*** Available data ***

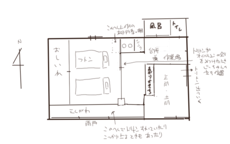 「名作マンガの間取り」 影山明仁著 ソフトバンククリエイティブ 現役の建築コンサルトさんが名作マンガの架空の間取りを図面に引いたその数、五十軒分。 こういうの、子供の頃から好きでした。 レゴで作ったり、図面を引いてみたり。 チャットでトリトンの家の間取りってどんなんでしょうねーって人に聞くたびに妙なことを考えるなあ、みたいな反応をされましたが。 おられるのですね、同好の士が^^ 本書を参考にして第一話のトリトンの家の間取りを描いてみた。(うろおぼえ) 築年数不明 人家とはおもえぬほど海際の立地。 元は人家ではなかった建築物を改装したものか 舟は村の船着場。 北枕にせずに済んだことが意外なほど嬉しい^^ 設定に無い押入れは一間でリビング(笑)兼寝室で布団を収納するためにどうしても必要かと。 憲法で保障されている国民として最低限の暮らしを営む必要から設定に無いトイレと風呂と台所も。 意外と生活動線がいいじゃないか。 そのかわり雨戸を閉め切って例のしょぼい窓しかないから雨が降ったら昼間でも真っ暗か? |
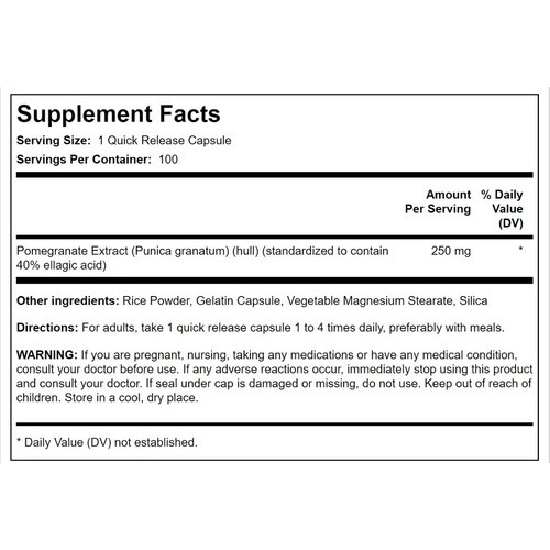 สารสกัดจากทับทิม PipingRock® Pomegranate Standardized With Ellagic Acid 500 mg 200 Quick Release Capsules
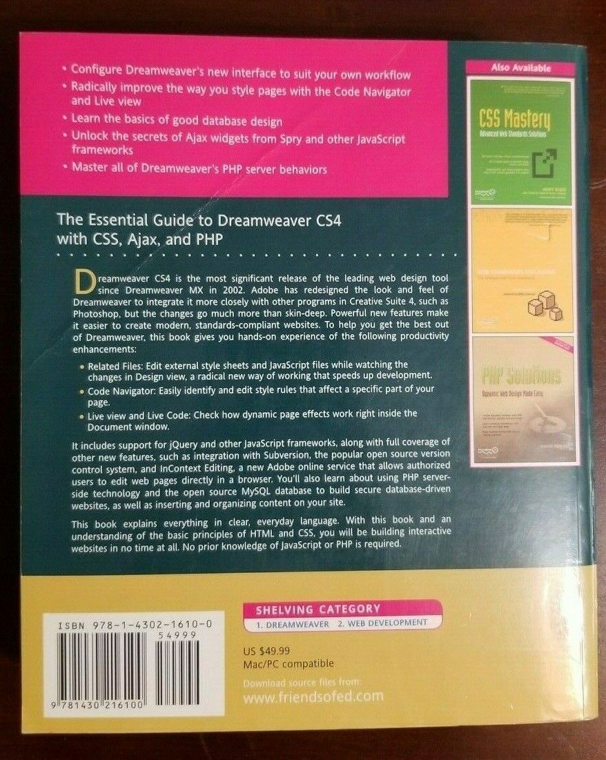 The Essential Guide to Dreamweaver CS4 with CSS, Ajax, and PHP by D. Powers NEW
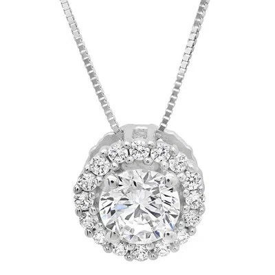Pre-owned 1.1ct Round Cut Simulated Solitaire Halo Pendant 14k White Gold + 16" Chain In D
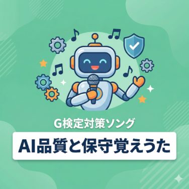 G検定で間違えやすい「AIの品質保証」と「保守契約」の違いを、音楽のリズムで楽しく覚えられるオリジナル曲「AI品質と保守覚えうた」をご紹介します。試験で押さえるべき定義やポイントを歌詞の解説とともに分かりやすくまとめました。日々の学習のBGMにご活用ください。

*** End of Available data ***

Task to complete: Please print every record exactly, leaving out the pictures.

Exercise result:
 「名作マンガの間取り」 影山明仁著 ソフトバンククリエイティブ 現役の建築コンサルトさんが名作マンガの架空の間取りを図面に引いたその数、五十軒分。 こういうの、子供の頃から好きでした。 レゴで作ったり、図面を引いてみたり。 チャットでトリトンの家の間取りってどんなんでしょうねーって人に聞くたびに妙なことを考えるなあ、みたいな反応をされましたが。 おられるのですね、同好の士が^^ 本書を参考にして第一話のトリトンの家の間取りを描いてみた。(うろおぼえ) 築年数不明 人家とはおもえぬほど海際の立地。 元は人家ではなかった建築物を改装したものか 舟は村の船着場。 北枕にせずに済んだことが意外なほど嬉しい^^ 設定に無い押入れは一間でリビング(笑)兼寝室で布団を収納するためにどうしても必要かと。 憲法で保障されている国民として最低限の暮らしを営む必要から設定に無いトイレと風呂と台所も。 意外と生活動線がいいじゃないか。 そのかわり雨戸を閉め切って例のしょぼい窓しかないから雨が降ったら昼間でも真っ暗か? |
 สารสกัดจากทับทิม PipingRock® Pomegranate Standardized With Ellagic Acid 500 mg 200 Quick Release Capsules
 The Essential Guide to Dreamweaver CS4 with CSS, Ajax, and PHP by D. Powers NEW
Pre-owned 1.1ct Round Cut Simulated Solitaire Halo Pendant 14k White Gold + 16" Chain In D
 G検定で間違えやすい「AIの品質保証」と「保守契約」の違いを、音楽のリズムで楽しく覚えられるオリジナル曲「AI品質と保守覚えうた」をご紹介します。試験で押さえるべき定義やポイントを歌詞の解説とともに分かりやすくまとめました。日々の学習のBGMにご活用ください。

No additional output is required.